## What is being asked
From the listing below, restate word for word the lines from the line containing "Vous pourrez vous" down through the line containing "Thoraco-abdominal-pelvic CT. axial". Exclude pictures.

(Extracted records begins)

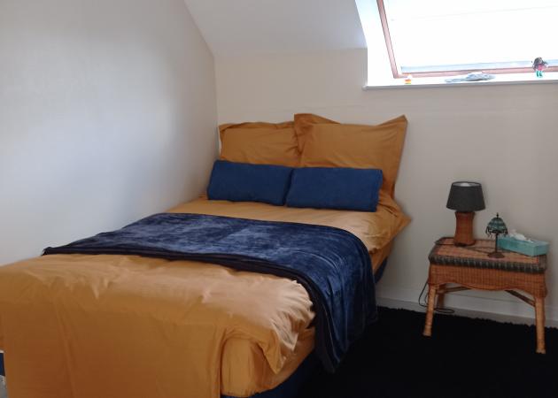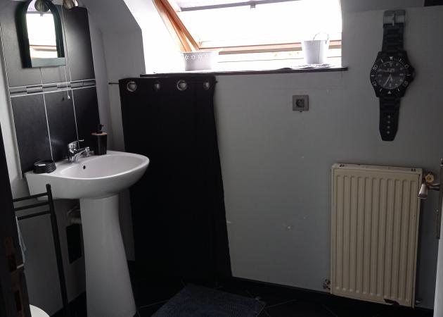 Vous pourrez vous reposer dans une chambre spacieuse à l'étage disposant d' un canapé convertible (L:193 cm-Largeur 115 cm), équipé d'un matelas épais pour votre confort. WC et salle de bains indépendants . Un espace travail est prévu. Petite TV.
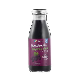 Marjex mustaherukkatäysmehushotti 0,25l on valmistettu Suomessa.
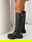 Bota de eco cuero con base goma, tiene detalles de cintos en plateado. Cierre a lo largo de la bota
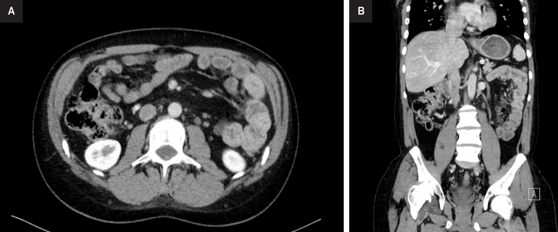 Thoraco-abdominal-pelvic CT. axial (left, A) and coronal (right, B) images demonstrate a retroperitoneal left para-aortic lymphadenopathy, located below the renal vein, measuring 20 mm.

(Extracted records ends)
(Extracted records begins)

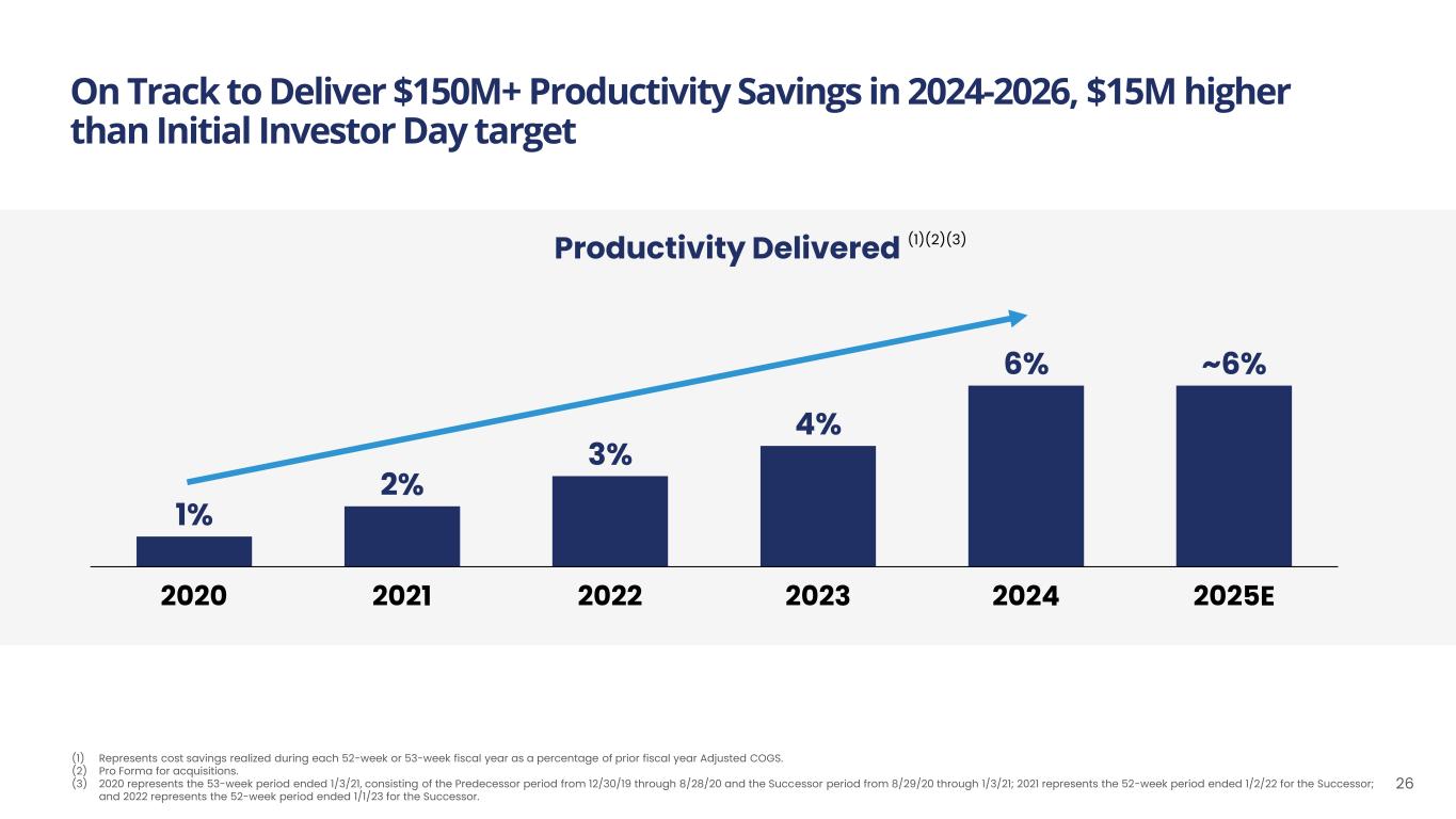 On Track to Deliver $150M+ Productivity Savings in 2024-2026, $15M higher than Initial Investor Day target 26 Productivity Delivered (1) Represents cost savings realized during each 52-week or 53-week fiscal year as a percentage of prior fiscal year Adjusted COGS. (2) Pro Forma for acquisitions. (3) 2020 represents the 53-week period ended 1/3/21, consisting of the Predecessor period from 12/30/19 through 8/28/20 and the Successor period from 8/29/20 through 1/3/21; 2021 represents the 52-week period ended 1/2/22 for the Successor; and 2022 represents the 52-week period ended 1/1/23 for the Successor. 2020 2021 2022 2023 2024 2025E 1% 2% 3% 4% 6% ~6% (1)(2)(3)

(Extracted records ends)
(Extracted records begins)

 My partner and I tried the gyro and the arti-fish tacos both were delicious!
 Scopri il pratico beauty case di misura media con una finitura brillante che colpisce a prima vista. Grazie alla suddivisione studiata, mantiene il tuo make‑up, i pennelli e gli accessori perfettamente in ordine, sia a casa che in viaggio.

(Extracted records ends)

## Output of the exercise
 Vous pourrez vous reposer dans une chambre spacieuse à l'étage disposant d' un canapé convertible (L:193 cm-Largeur 115 cm), équipé d'un matelas épais pour votre confort. WC et salle de bains indépendants . Un espace travail est prévu. Petite TV.
 Marjex mustaherukkatäysmehushotti 0,25l on valmistettu Suomessa.
 Bota de eco cuero con base goma, tiene detalles de cintos en plateado. Cierre a lo largo de la bota
 Thoraco-abdominal-pelvic CT. axial (left, A) and coronal (right, B) images demonstrate a retroperitoneal left para-aortic lymphadenopathy, located below the renal vein, measuring 20 mm.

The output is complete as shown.